Sans surprise eu égard à ce que nous avons dit précédemment, le thème central de ce roman tourne autour de la paternité mutilée, rappelant quelquefois les ambiances ingrates de David Vann, lui aussi publié en français chez Gallmeister. Patterson Wells est possédé par la mort de son fils. Il croule de l’intérieur, s’affaiblit de ses propres trous noirs, comme une maison hantée s’écroule sous sa réputation et sa vétusté. Malgré les visites irrégulières à son ex-femme Laney qui parfois le tirent de son ravin, il se fatigue parce que les réminiscences sont trop vives. Dans ces conditions impossibles d’épanouissement ou de résilience, Patterson choisit d’avaler la pilule plus ou moins prophylactique de la route : « Je serre les poings sur le volant et je roule, c’est tout. » (p. 20). On le regarde ainsi quitter Denver temporairement, à plusieurs reprises, s’engouffrant dans les réseaux routiers qui s’écartent de cette tumeur urbaine, comme autant de veines font les excroissances d’un cœur encore vigoureux et que l’on imagine ici cependant anémié, bombardant un sang contaminé que Patterson fuit de toute sa vitesse, comme on fuirait les sanglantes inondations allégoriques conçues par Stanley Kubrick dans Shining. Ces fuites, entre autres résultats psychiques, donnent lieu à des méditations sur son métier d’élagueur itinérant. On apprend alors que Patterson a sillonné le pays pour secourir les villes sinistrées par une catastrophe naturelle, genres d’extensions d’une Denver non moins sinistre où les arbres n’ont pas tant été couchés par une tornade que par un accablement généralisé, symbole d’une dépression nerveuse refourguée par les hommes, pire, bien pire qu’une « dépression » dans le lexique de la science météorologique. Déblayer les lignes électriques et les voies encombrées d’une végétation ravagée, telle fut la contribution professionnelle de Patterson, résonance anticipée de ses afflux internes, indice de ses encombrements qui mériteraient à coup sûr des triples pontages coronariens. Ainsi Patterson s’entend-il dire à un moment qu’il n’est qu’une « putain de catastrophe » (p. 274).

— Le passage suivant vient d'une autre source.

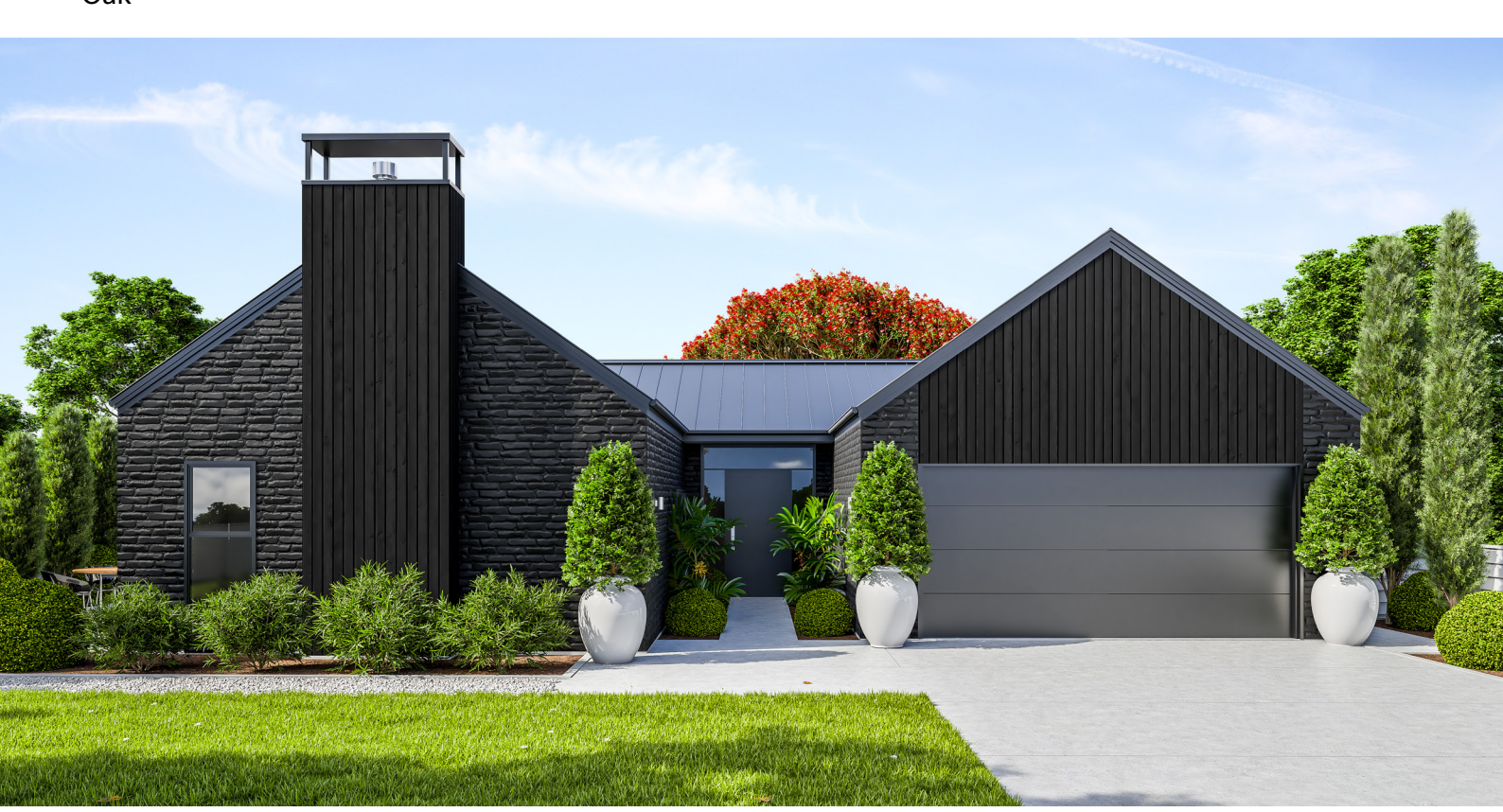
Two gables, two claddings and an entranceway framed perfectly by the home, this is a car stopper! Urban or rural, this build has a timeless vibe! Covered outdoor living comes with additional access straight from the scullery, perfect for serving food and drinks. If you're looking to have it all, this is a great start!

Par complément d’objet indirect, la vie astreignante de Patterson Wells trouve une épaule imprévisible chez un certain Junior, un jeune mec bagarreur et instable qui estime au premier chef que Patterson n’est qu’un « con moralisateur » (p. 44). Autrefois en couple avec Jenny, du moins autant qu’on puisse l’être quand on paraît génétiquement déterminé par la déchéance, Junior a eu une fille prénommée Casey. Il ne la voit plus que de façon sporadique, lorsque son état le lui permet, c’est-à-dire lorsqu’il fait un effort de sobriété. Le rapprochement progressif avec Patterson sera synonyme de mise en relation des paternités estropiées. La réciprocité de Junior et de Patterson devient aussi évidente que l’attraction que les deux personnages éprouvent pour leur progéniture respective, l’un envers une petite fille qui remédie autant qu’elle peut à l’anéantissement de son père, l’autre envers le souvenir d’un cadavre qui cherche à se vivifier dans la voie épistolaire et dans un enchaînement d’actions violentes qui doivent ultimement mener au Dr. Court, le fautif tout désigné de la mort de Justin après un diagnostic effectué à l’emporte-pièce. S’entraînant mutuellement dans des situations ignobles mais paradoxalement formatrices et peut-être rédemptrices, Patterson et Junior rejouent la paternité à travers eux-mêmes, se faisant tour à tour père de l’un ou de l’autre, compensant les désertions sentimentales qui ont très tôt envahi leur quotidien. Par ailleurs, en plus d’avoir pour point commun une idée complexe de la paternité, ils partagent tous les deux une passion pour la route en tant que médicament (cf. pp. 105 et 133). Ils se fraient des passages tumultueux en essayant de se distinguer de tous les sales types qu’ils rencontrent pendant leurs périples. On aimerait croire que toute cette pérégrination n’a pour but que de les rapprocher définitivement de ce qu’ils sont, à savoir des pères en vadrouille qui ne pourront jamais renouer avec leur enfant et qui ont besoin de s’en faire une raison, un voyage tardivement initiatique.